Und so tragen die Cocktails im Maggie’s bunte Deko-Schirmchen. Die Probleme vor der Clubtür, Rezession und Bankenkrise, der immer unbezahlbarer werdende Wohnraum in London – all das lässt sich für einen Abend im Maggie’s prima vergessen. Ein alter Hit, „Don’t stop believin’“ von Journey, ist hier stets die Gute-Laune-Garantie, egal, wie’s draußen aussieht.

Nostalgie tröstet und lässt die Kassen klingeln

Nostalgie tröstet. Und lässt die Kassen klingeln. So bemerkt etwa Thatchers Handtaschenfabrikant Launer eine überraschende Rückkehr zu altmodischer Eleganz. Neuer Verkaufsschlager ist das Modell „Diva“, ein Mini-Koffer, wie von Thatcher. Um 60 Prozent hat das Unternehmen seinen Absatz seit dem Filmstart gesteigert.
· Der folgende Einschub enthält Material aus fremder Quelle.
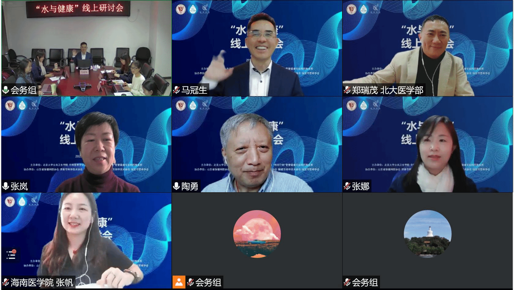 时值第三十届“世界水日”与第三十五届“中国水周”,为推动水与健康研究的发展,促进产学研融合,普及饮水与健康的相关知识,提升大众对水与健康的关注,2022年3月22日上午,由北京大学公共卫生学院、中国营养学会饮水与健康分会、“科创中国”智慧健康专业科技服务团主办,山东省保健科技协会、济南市科学技术学会、保定市科学技术协会、聊城市科学技术协会、保定市营养学会协办的“水与健康”研讨会在线成功举办。会议集聚来自水利工程、预防医学、基础和临床医学的多位专家学者,从水资源、饮水安全、饮水健康和科学饮水等方面,分享了水与健康领域的新近研究进展。本次研讨会吸引了约300人在线参会,取得了良好的社会反响。
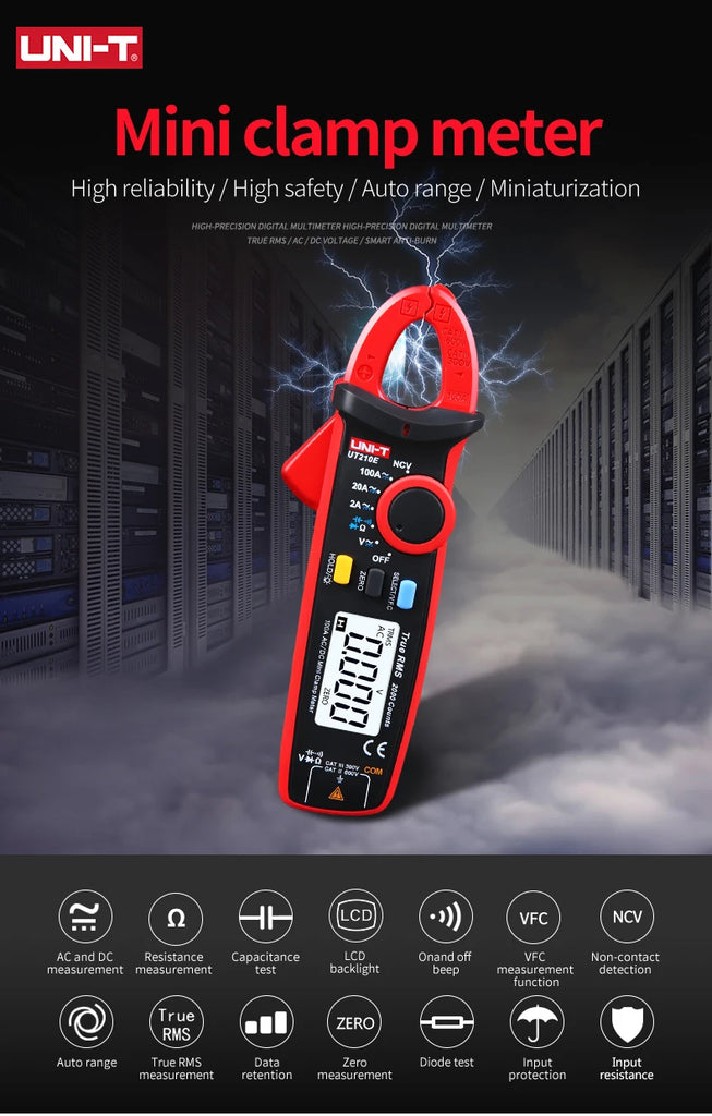 The UT210 Series Mini Clamp Meters are expertly crafted for challenging, compact spaces. These versatile tools are perfect for maintaining mechanical and electrical equipment, installing home appliances, and executing electrician tasks. With a display count of 2000, this series ensures accuracy and reliability in every reading, making it an essential addition to any toolkit.
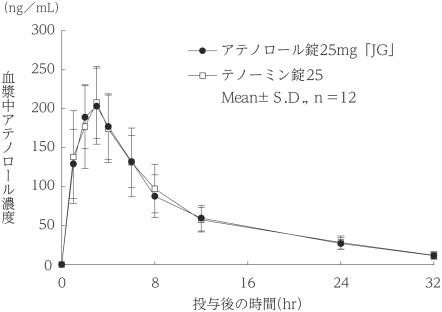 アテノロール錠25mg「JG」とテノーミン錠25を、クロスオーバー法によりそれぞれ2錠(アテノロールとして50mg)健康成人に空腹時単回経口投与して血漿中アテノロール濃度を測定し、得られた薬物動態パラメータ(AUC、Cmax)について統計解析を行った結果、両剤の生物学的同等性が確認された1)。
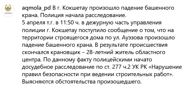 "5 апреля т.г. в 11:50 в дежурную часть управления полиции г. Кокшетау поступило сообщение о том, что на территории строящегося дома по ул. Ауэзова произошло падение башенного крана. В результате происшествия скончался крановщик – 28-летний житель областного центра. По данному факту полицейскими начато досудебное расследование по ст. 277 ч.2 УК РК «Нарушение правил безопасности при ведении строительных работ». Выясняются обстоятельства произошедшего", — сообщили в Департаменте полиции Акмолинской области.

Was die Eiserne Lady zu ihrer späten Rehabilitation sagen würde, weiß niemand. Thatcher, heute 86 Jahre alt, lebt zurückgezogen in London und wird wegen ihrer fortgeschrittenen Demenz rund um die Uhr betreut. Das letzte Mal, dass sie sich öffentlich geäußert hat, war 2007 im Unterhaus, als dort ihr Ebenbild in Bronze enthüllt wurde. Sie reagierte gewohnt schlagfertig: „Ich hätte Eisen als Material bevorzugt, aber Bronze tut’s auch. Das rostet wenigstens nicht.“ Die freche Tee-Party bei einer Punk-Köchin hätte ihr bestimmt gefallen.